Стало ясно, что преступники, подменившие Степана Семеновича в зеркале, не решились криминальничать с государственным документом. Они всего лишь подделали изображение в раме, как музейные похитители, вынули из зеркала подлинник, однако можно было пойти в полицию с этим вот зеркалом, показать им там это вот отражение, чтобы сверили экспертизой с фото на паспорте. Можно, можно было вывести негодяев на чистую воду…
Тут, почувствовав, что какой-никакой, а выход из страшного положения найден, Степан Семенович с облегчением вспомнил еще и про жену свою, Машу. Уж она-то знала его не хуже паспорта с зеркалом, как облупленного.
Теперь у Степана Семеновича были не только доказательство в трельяжном изображении и фотография в паспорте, очевидно иллюстрировавшие совершенное над ним преступление, но и живой свидетель всей этой пугающей комбинации. И из комнаты, вместе с паспортом, опасаясь, чтобы раз так, то и паспорт не выкрали, он пошел на кухню к жене и, остановившись на пороге, прижимая к пижаме свое спасение, красную книжечку, произнес как можно спокойнее, губами дрожащими, едва слышно:
– Маша… только ты не пугайся…
– Господи, что еще?!
– Посмотри на меня… посмотри как можно внимательней…
– Ну и?
– Маша… ты меня узнаешь?..
– В смысле? – спросила Маша.
Всемогущий Подорожкин
Удивительную историю прочитал в новостях. Потрясен совершенно.
Человек со сломанным позвоночником от турецкого города до русского побережья переплыл за семнадцать дней море! Ничего нет невозможного человеку… абсолютно нет ничего!
Хотел даже по этому поводу ей в палатке цветов купить. Но не стал. Во-первых, сомневаюсь, как воспримет это она. Во-вторых, слишком дорого.
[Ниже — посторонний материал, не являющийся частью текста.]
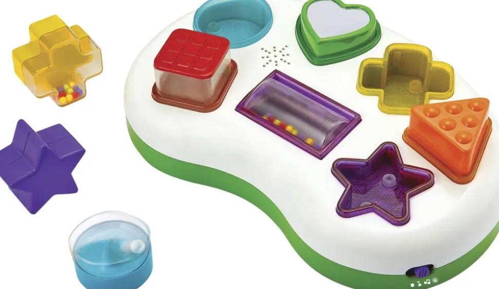 Put-i-boks med lys. lyde og forskellige funktioner Med blinkende lys og melodier når du sætter klodserne i hullerne samt 3 indstillinger/måder at lege på Bruger 3 stk AA-batterier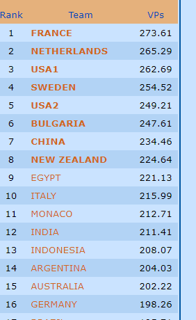Monaco med Helness-Helgemo på laget fikk altså litt pluss mot oss, og før det tapte de knepent mot India, men en storseier mot Guadeloupe i morgenkampen gjør at de er bare 4VP bak 8.plassen.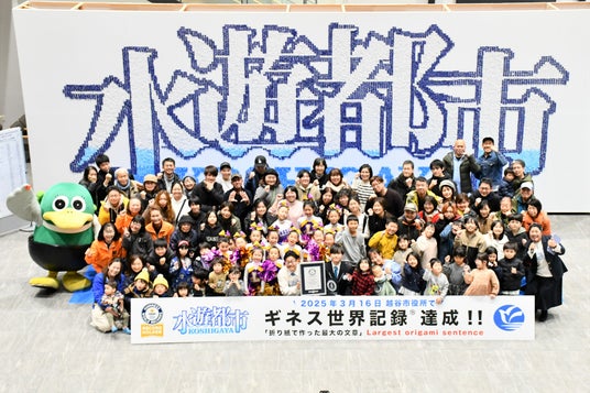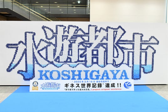 このたび、「折り紙で作った最大の文章」で、ブランドメッセ―ジ「水遊都市KOSHIGAYA」のロゴマークを表現し、下記のとおり、ギネス世界記録TMとして認定されました。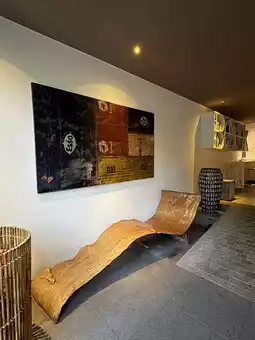 The interior features reliefs everywhere, giving a strong Balinese feel.

Долго ли, коротко, а случилось-таки с Подорожкиным на анапском побережье чудо. Шел он брегом морским от своего санатория вдоль барханов. Прошлым вечером крепко выпивши, женой изгнанный, без бумажника, бос, с одним полотенцем. Голова у него гудела, и оркестром величественным подпевало гудению море.
Подорожкин был человек мечтательный и даже в момент похмелья находил в воображаемом утешение. Представлял он себе другую, более дружелюбную, благодарную (синеокую, златокудрую, юную) женщину вместо жены своей и все прочее, что способен представить, но не способен осуществить человек, идущий вдоль моря. И поскольку денег не было окончательно, ибо жена из реальности бумажник от Подорожкина спрятала, бедняга, разумеется, мечтал о глотке живительной влаги.
Рассуждая так, забрел он в ту ничейную прибойную полосу, где разрушенные здания эпохи строительства светлого будущего, огражденные под строительство новое, свидетельствуют как о тщетности людских чаяний, так и о том, что чаянья эти бессмертны.
Подорожкин перепрыгал по камушкам горную речку и хотел уже либо лечь, либо зашагать дальше, как вдруг морская волна выкатила пред босыми ступнями его запечатанную бутылку…
Было время, когда маленьким мальчиком, веря в цветики-семицветики, Деда Мороза, добрых волшебников, джиннов, бутылки, лампы и всех прочих исполнителей «трех желаний», много передумал Подорожкин о том, отчего бы не загадать на первом желании, чтобы исполнялись все остальные. Да и кто из нас не думал об этом… Тем временем одно желание было исполнено.
Он наклонился и, счищая морской песок и налипшие ракушки с этикетки, прочел недоверчиво и признательно: HENDRICKS GIN.
– Слава богу… – потрясенный, произнес человек посреди безлюдной стихии и, зажав рукой золоченую крышечку, поднажав, повернул. Вместе с этим движением в ушах его прозвучало невероятное…
– Слушаюсь и повинуюсь, мой господин…
В этот миг, даровавший герою нашему всемогущество, Подорожкин, вздрогнув от ужаса, отшвырнул и разбил вдребезги драгоценный сосуд.
Созданный из чистого бездымного пламени, слуга шайтана ли или мечты человеческой, исполнитель всякого пожелания – джинн, обретя свободу, пронесся с веселым посвистом над недавним своим господином, полоснув крылом чайки небесную ширь, задевая лучом вскипающую волну, туда, где горизонт обозначен как недостижимая линия, до которой всего-то пятьсот километров.
Истина
Где-то есть, так думаю я, половинка моя, из ребра моего при ее создании отделенная. Потому что часто ощущаю ребра этого я отсутствие: вот тут колет…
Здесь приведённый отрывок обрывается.